Showing posts with label solar beam-down optics. Show all posts
Showing posts with label solar beam-down optics. Show all posts

Thursday, March 13, 2014

Beamshaping is necessary

A representation of beam divergence that is wide in "longitude"

If the divergence of the sunlight reaching the lamp is too wide in "longitude," then, short of beamshaping, there is nothing a rotationally symmetric lens can do to fix it. It is therefore important to accurately model the divergence of this light.

Relations for the 180° and the general locus near the beam down optics. R is the field radius and r is the radius of the 180-degree locus. Theta is the beam angular radius. 

At a radius r = Rsinθ, the converging sunlight fills a full 180° of longitude. At a larger radius x, the sunlight fills an angle 2φ, where φ = sin-1(r/x).

For θ = 1.5°, r/R = 0.026. For R = 2600m, r = 68 m.

For φ = 10°, x/r = 5.8

For R = 2600m and x = 120m, φ = 35°; x = 190m, φ = 21°.

Since the width of the beam in the latitude dimension is not likely to be more than 4 degrees, the beam aspect ratio is 10 or greater. Thus beamshaping is necessary. 

Wednesday, March 12, 2014

Concentric spherical DNG double refractive index lenses

Views from the heliostat field of three lamps that are DNG spindle hyperboloids. The oculus is colored yellow. Made in POV-Ray.

As the image above indicates, it is not sufficient to consider only the meridional rays at the beam-down optics.
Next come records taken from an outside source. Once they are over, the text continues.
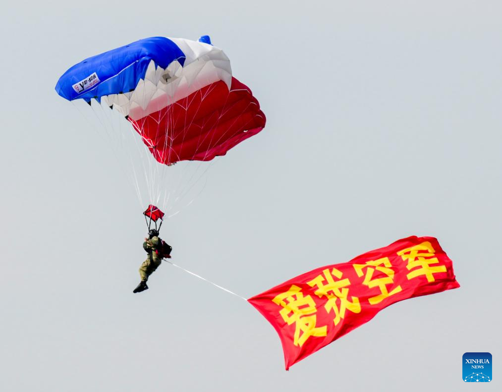 Members of the Bayi Parachute Team of the Chinese People's Liberation Army Air Force perform during the 2025 aviation open-day activities of the Chinese People's Liberation Army Air Force and Changchun Air Show in Changchun, northeast China's Jilin Province, Sept. 19, 2025. The events kicked off here on Friday. (Xinhua/Yan Linyun)
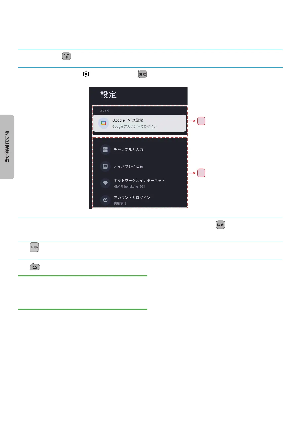 ●● ネットワーク、アカウント、アプリ、デバイス設定、リモコン、アクセサリなどのスマート TV 機能に対する設定を行います。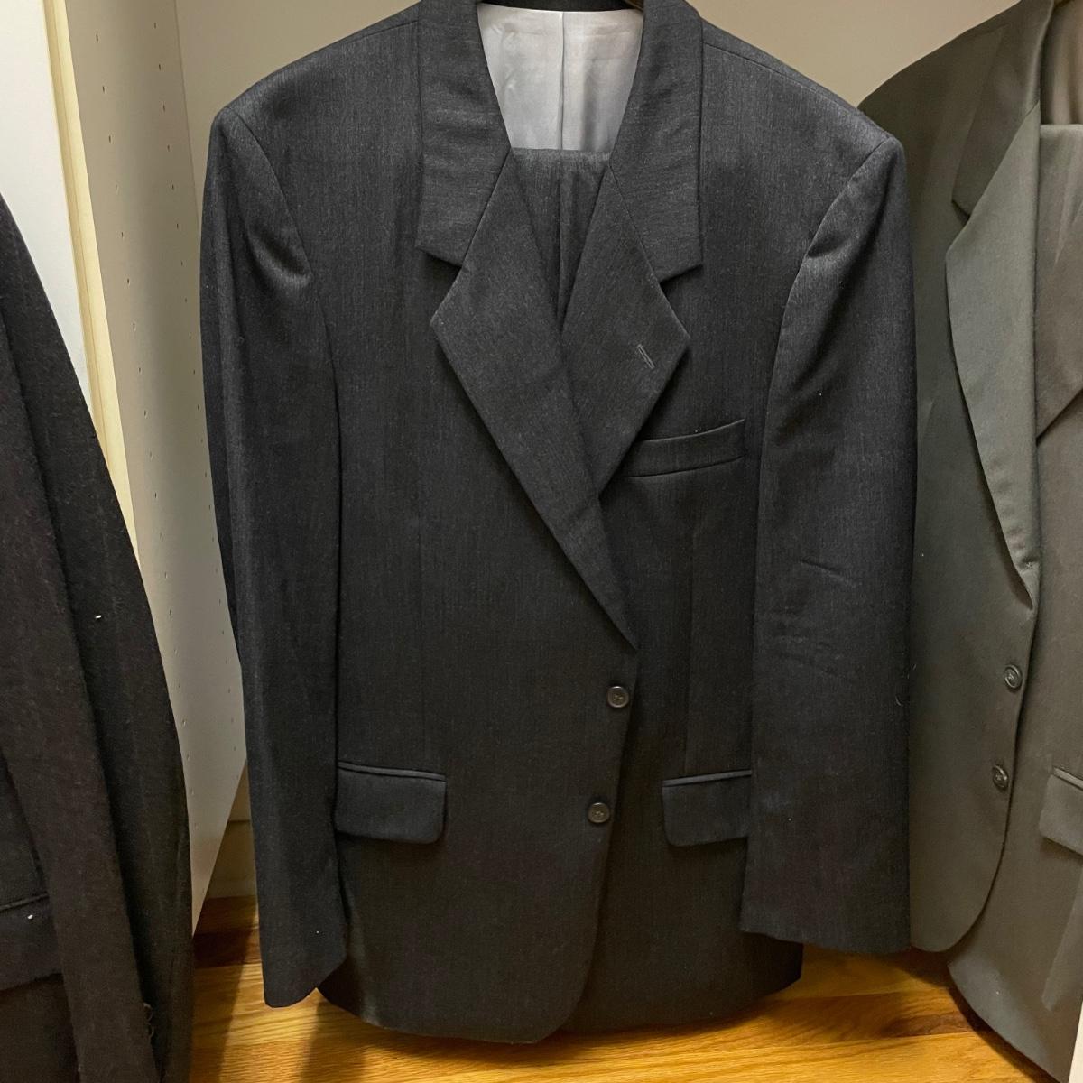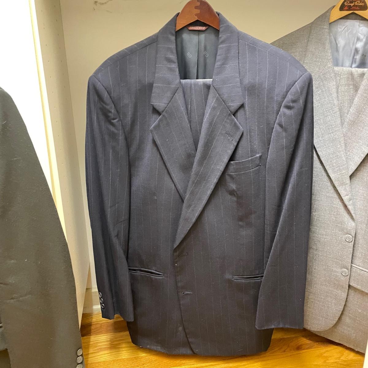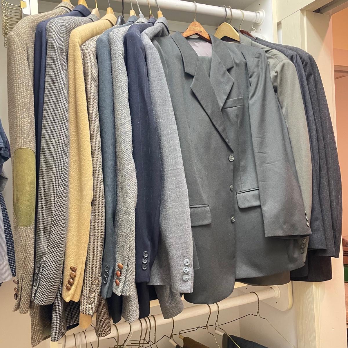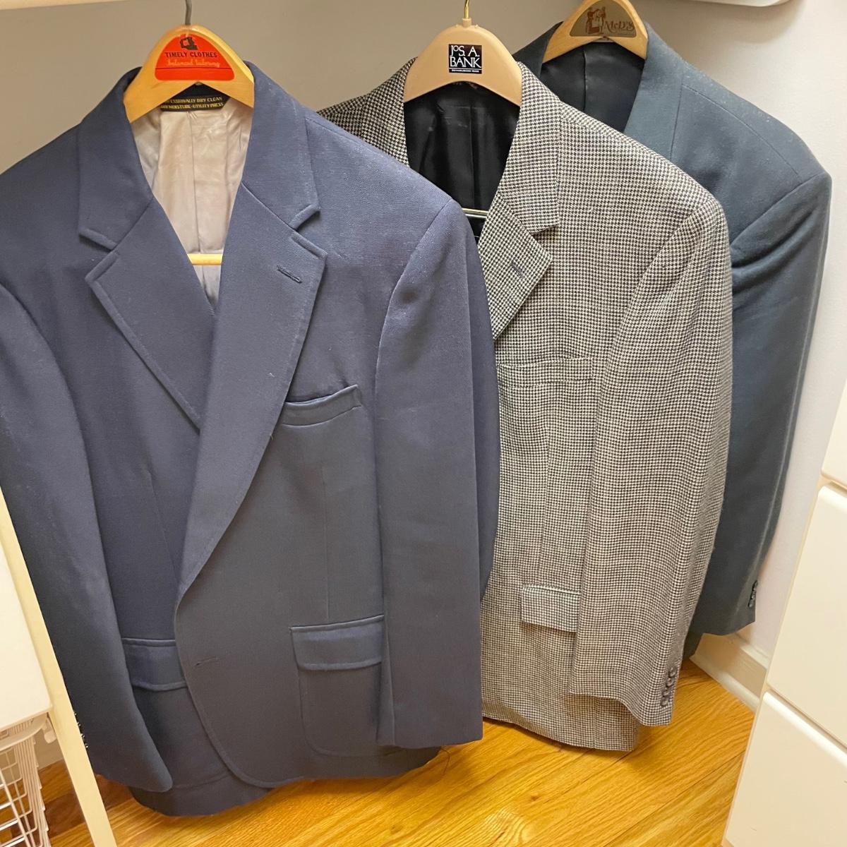 Six jacket/pants suits plus seven blazers all tailor made. A few tweed blazers, a camel hair blazer and six suits. The Atwood Tailoured for Raleighs Washington blazer measures 19” shoulder width and 32” from next to bottom, sleeves are about 24.25”. Blazer brands include Land’s End Charter, Jos A Banks, Profilo, Raleighs, Ralph Lauren. Some pants have a 44-L label. Pants found in another lot in this sale are sized 30x40. Most suits appear to be wool and all could use a nice clean- dust is found on some shoulders and a couple spots are noted in photos. See images. Shipping available. Shipping can be costly. We suggest contacting our preferred local shipping provider, Postage Express, with lot description and getting an estimate before bidding: (828) 670-5501 or postageexpress@yahoo.com.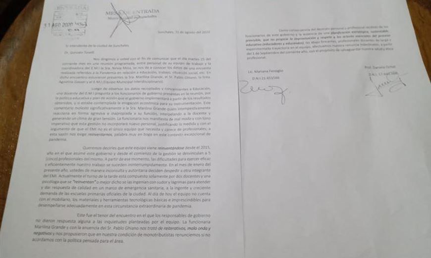Con una nota fechada en el último día del mes de agosto de este año las docentes: Lic. Mariana Fenoglio y Prof. Daniela Ochat hicieron conocer el intendente Gonzalo Toselli los motivos de su renuncia al puesto que ocupaban dentro del Equipo Municipal Interdisciplinario.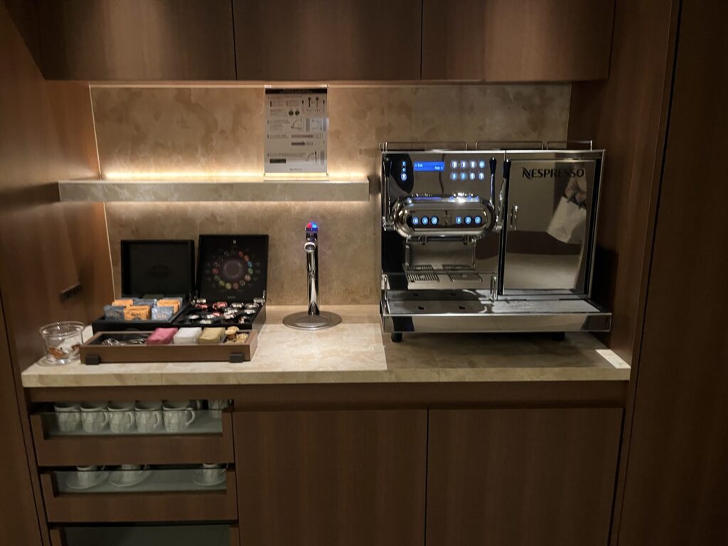 入り口にはコーヒーマシンがあり、ライブラリで飲むことができる。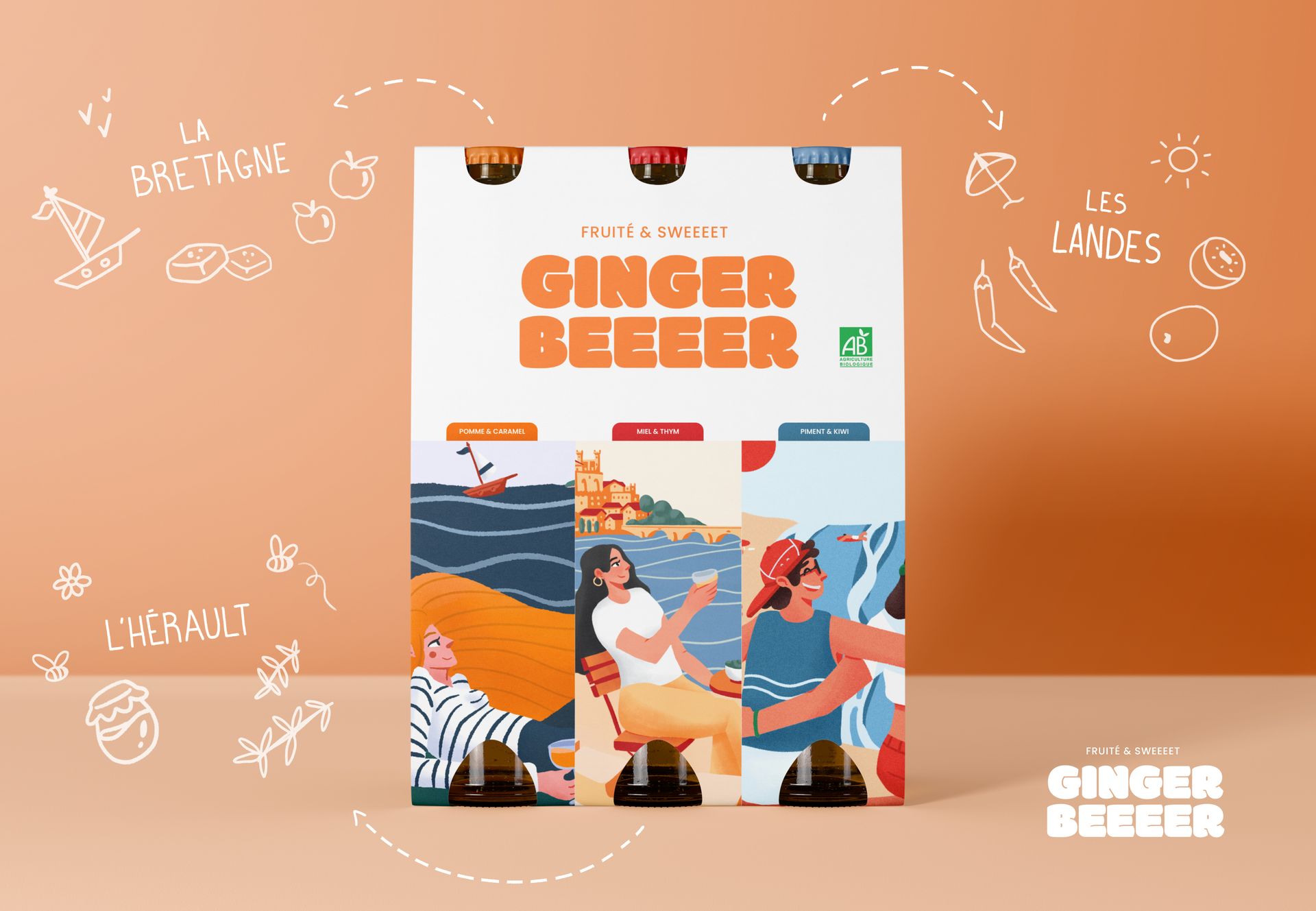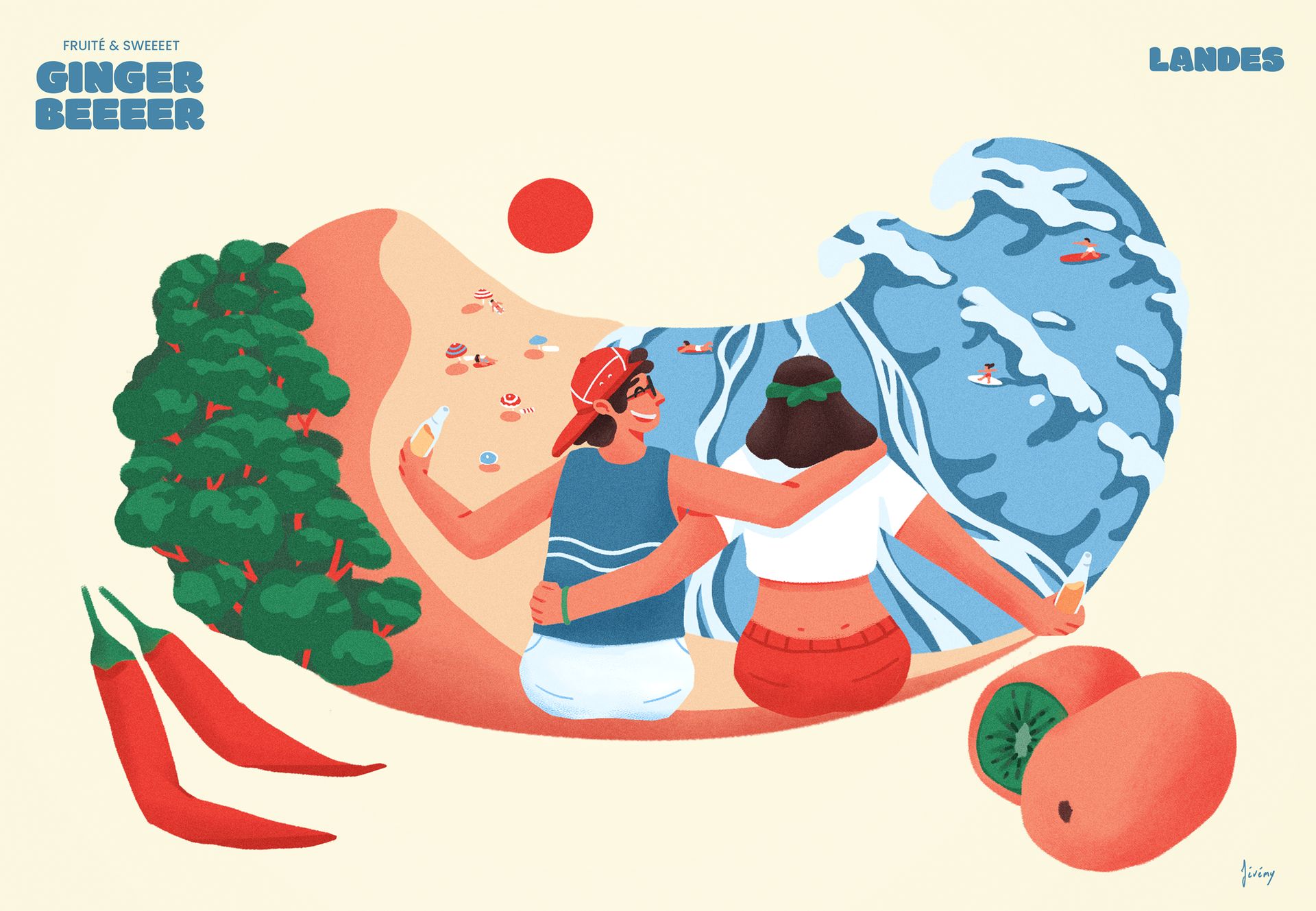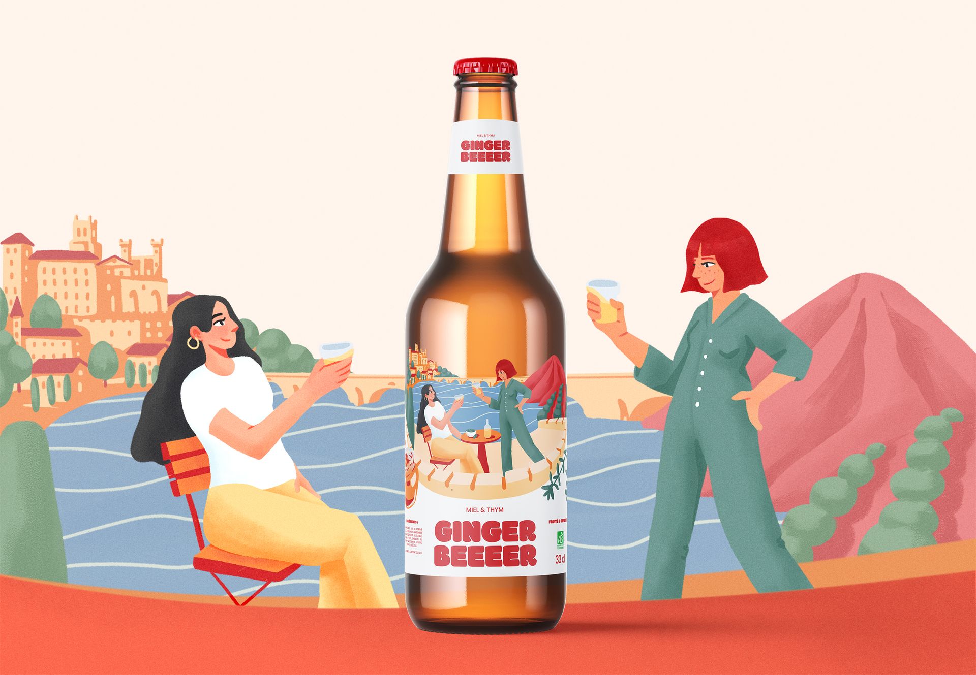 Cette série réunit trois illustrations conçues dans le cadre d’un projet d’étiquettes de ginger beer. Chaque visuel met en scène la rencontre entre le gingembre et des spécialités culinaire locales, imaginant ainsi des associations de saveurs originales et surprenantes.

It is possible (e.g., the middle lamp above) to image the oculus over the entire height of the lamp, but little of its width.

(I have found that it is more common in the metamaterial literature to speak of double negative or DNG optics when the lens is not a classic Veselago flat lens. So I am switching to those terms.)

Since the lamp must be rotationally symmetric about a vertical axis, the only possible profiles in the sagittal plane are concentric circles. When light rays in the sagittal plane strike two consecutive DNG interfaces, the action is the same as a double mirror. In 2-D optics, a double mirror rotates all rays by twice the angle between the mirror lines. In this case the angle between the mirror lines is the subtense of the interior ray between where it enters the DNG material and where it exits. The direction of the bending is the same as for a circular air cavity in a "glass" medium (such is of course a diverging lens.) The narrower the spacing between the two DNG interfaces, the closer to 1.0 is the refractive index of the surrounding "glass."

Two concentric negative refractive index or DNG interfaces (composing a single-layer spherical DNG lens,) form a diverging lens.

Adding a third concentric circular surface to make a double-layer DNG spherical lens, would get us back to a converging lens at the cost of some optical loss.